Wealth Professional: How advisors can bring calm and reason to divorcing business couples

Lawyer encourages trusted advisors to step in to help couples resolve issues before they go to court

How can advisors help married clients who are divorcing if there’s a family business involved?

Nathalie Boutet, owner of Boutet Family Law and Mediation in Toronto, told Wealth Professional she is seeing two kinds of situations. The first is where one person is sole shareholder or runs the business. The second is where both members of a couple are shareholders or active in the business – which is where she thinks advisors can best help.

“I think advisors can be very helpful because the couple is confused as to how to transition from being married and co-running and co-owning the business,” she said. “I’ve seen a variety of situations. Some people are getting along really well and deciding to continue running the business. But, then, it goes right down the spectrum. Others may be getting along well, but breaking the business in two, so they each can run one branch. Or you can have one person exiting and leaving the other to run the business.”

Boutet said it helps if advisors can help the couple solve the situation – since couples who end up fighting and going to court can invest too many years and dollars in hiring lawyers instead of investing in the business.

“That’s not helpful for anybody,” said Boutet, noting advisors who understand the family and business may also understand the couple’s emotions, especially if there’s fear involved. There is often fear if the business is an important, or the biggest, asset in the portfolio or is the couple’s main income.

A trusted advisor can sit down with the couple to help it reassign what the exiting spouse did or transition what needs to be done. If the advisor is more aligned with one partner than the other, which makes that latter uncomfortable, then the advisor could also offer to help that partner find another advisor.

“Lawyers don’t need to be involved if there’s maturity and cooperation between the separating spouses,” said Boutet.

However, every situation is different. Boutet recalled one bitter divorce where the wife walked out when the husband changed a business password without consulting her. She was the customer liaison, so the business was disrupted. It took a couple of years to get the business back in order, which Boutet believed could have been avoided if the couple worked with a trusted advisor.
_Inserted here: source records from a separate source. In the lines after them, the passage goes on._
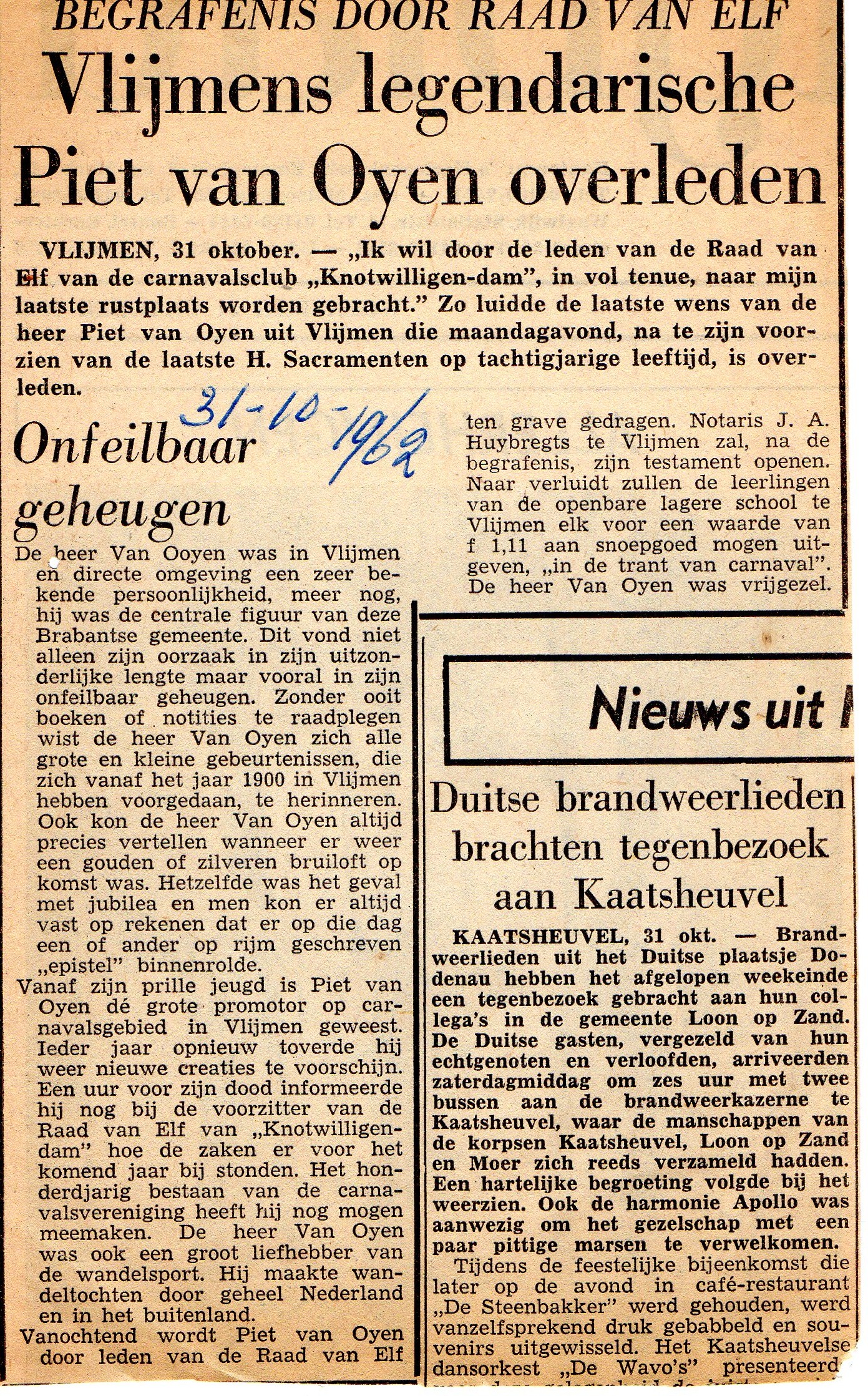 Toen Piet van Oijen zijn dood voelde naderen, had hij reeds de wens te kennen gegeven dat hij met carnavalseer begraven wilde worden, waarbij de Raad van Elf in vol ornaat als slippendragers zouden fungeren. Tegen de pastoor had hij gezegd: “begraaf me maar achteraan op het kerkhof, dat is het goedkoopst en dan luiden de kerkklokken het langst”. Het is allemaal volgens zijn wensen geschied. Prins Carnaval Huipino d’n Ellufde, in vol ornaat, bracht tijdens een kranslegging op het kerkhof nog een laatste saluut op zijn graf. De notaris wreef zich de ogen uit bij het openbaar maken van zijn testament waarin onder andere was bepaald: "op mijn sterfdag zullen gedurende 25 jaar de slippendragers 5 sigaren ontvangen en de helpsters bij mijn laatste koffietafel 2 borrels of 3 glazen bier. De kinderen van het Lompènd en van de Openbare school krijgen voor 111 centen snoepgoed aangeboden. "
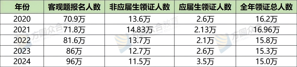 通过数据梳理我们不难看出,近些年,法考报名人数呈现增张态势,而法考总体通过人数却未同步增长,通过比例持续在下降,所以说拿证难度是有所提升的。
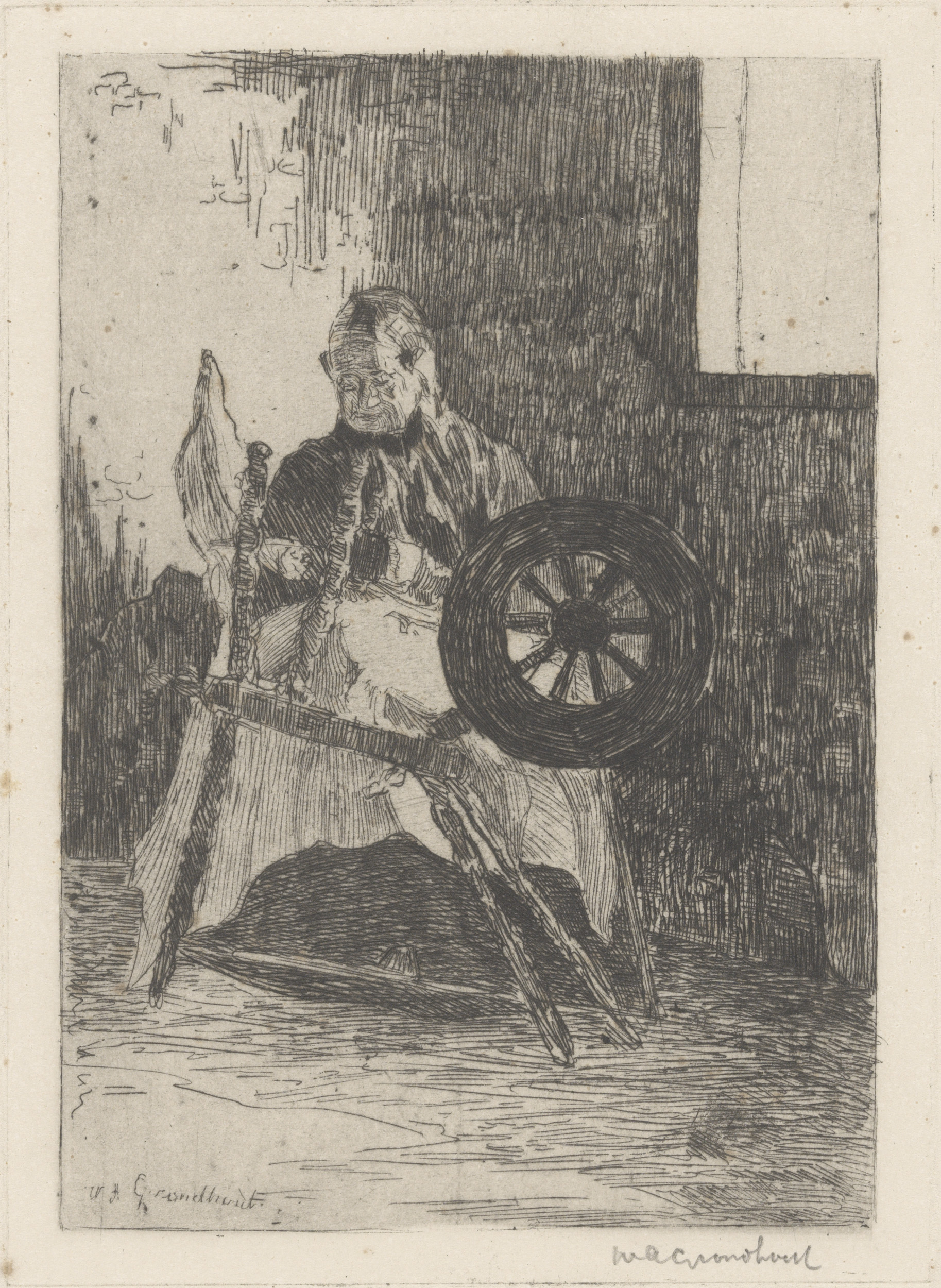 Vrouw achter een spinnewiel
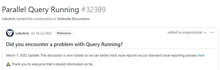 Issuesを探してみると、Parallel Query Runningは大飯食らいのようでオプションを色々設定してもねじ伏せるのは現状では不可能。なので、問題を抱えているならv3に帰るのが現状の解決策と言う話に。

Recently, another couple had been running the business together, but the husband had an addiction. The wife would enter the business when he wasn’t there, so she could keep her side running.

“I wouldn’t recommend that if there’s physical danger,” said Boutet, but the couple kept the conversation going and he’s now buying her out without going to court. “They were able to maintain the business and I believe their corporate accountant was very helpful, so they kept the information flowing without anyone being nervous that information was withheld. I think there were also advisors in the background who were very level-headed.”

Boutet said having that kind of support can help the couple move past the emotion to the best resolution.

“What I’m saying is don’t get into the anger with the clients. That’s not helpful,” she said. “They can speak to the lawyers, but they should also have a flow of information with the advisors and not fuel the conflict.”

Advisors can also help if one spouse owes the other money – such as a big equalization payment – which the business can’t pay right away without draining it. The advisor can work with the couple to look at the debt and liquidity, and figure out a payment plan without causing undue hardship to either party.

The lawyer still has a place.

“If someone is doing something to damage the business – not taking information out or not providing passwords to the person who’s responsible for communication or things like that – then they should get advice from a lawyer because if it’s too bad, they’ll need the protection of the court,” she said. “But, that’s not the majority of the cases. They usually just need someone to cool things down.”

“The advisors are really close to the clients. They know the ins and outs of their finances and their goals,” said Boutet. “So, if the advisors can get in there and provide sound and non-emotional advice to the people that are running the business when they’re separating, that’s very helpful.”